Section 5 Loans or Guarantees.  

  1. The Corporation shall not borrow money and no evidence of indebtedness shall be issued in its name unless authorized by the Board of Directors. This authority may be general or confined to specific instances. Except as explicitly permitted by ORS 65.364, the Corporation shall not make a loan, guarantee an obligation, or modify a pre existing loan or guarantee to or for the benefit of a director or officer of the Corporation.

Section 6 Execution of Documents. 

  1. The Board of Directors may, except as otherwise provided in these bylaws, authorize any officer or agent to enter into any contract or execute any instrument in the name of and on behalf of the Corporation. This authority may be general or confined to specific instances.
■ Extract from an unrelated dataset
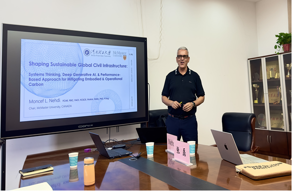 6月29日上午,应我院邀请,加拿大工程院院士、加拿大麦克马斯特大学工学部部长Moncef L. Nehdi教授为我院师生作了题为《Shaping Sustainable Global Civil Infrastructure: A Systems Thinking Deep Generative Al, and Performance-Based Approach for Mitigating Embodied and Operational Carbon》的学术报告,报告由我院副院长余永强主持。

Unless authorized by the Board of Directors, no officer, agent, or employee shall have any power or authority to bind the Corporation by any contract or engagement, or to pledge its credit, or to render it liable for any purpose or for any amount.

Section 7 Insurance.  

  1. The Corporation may purchase and maintain insurance on behalf of an individual against liability asserted against or incurred by the individual who is or was a director, officer, employee, or agent of the Corporation, or who, while a director, officer, employee, or agent of the Corporation, is or was serving at the request of the Corporation as a director, officer, partner, trustee, employee, or agent of another foreign or domestic business or nonprofit Corporation, partnership, joint venture, trust, employee benefit plan, or other enterprise; however, the Corporation will indemnify its officers and directors to the fullest extent allowed by Oregon law.

 

Section 8 Fiscal Year.  

  1. The fiscal year of the Corporation shall begin on the date adopted by the Board of Directors in accordance with applicable law.

Section 9 Severability. 

  1. A determination that any provision of these bylaws is for any reason inapplicable, invalid, illegal, or otherwise ineffective shall not affect or invalidate any other provision of these bylaws.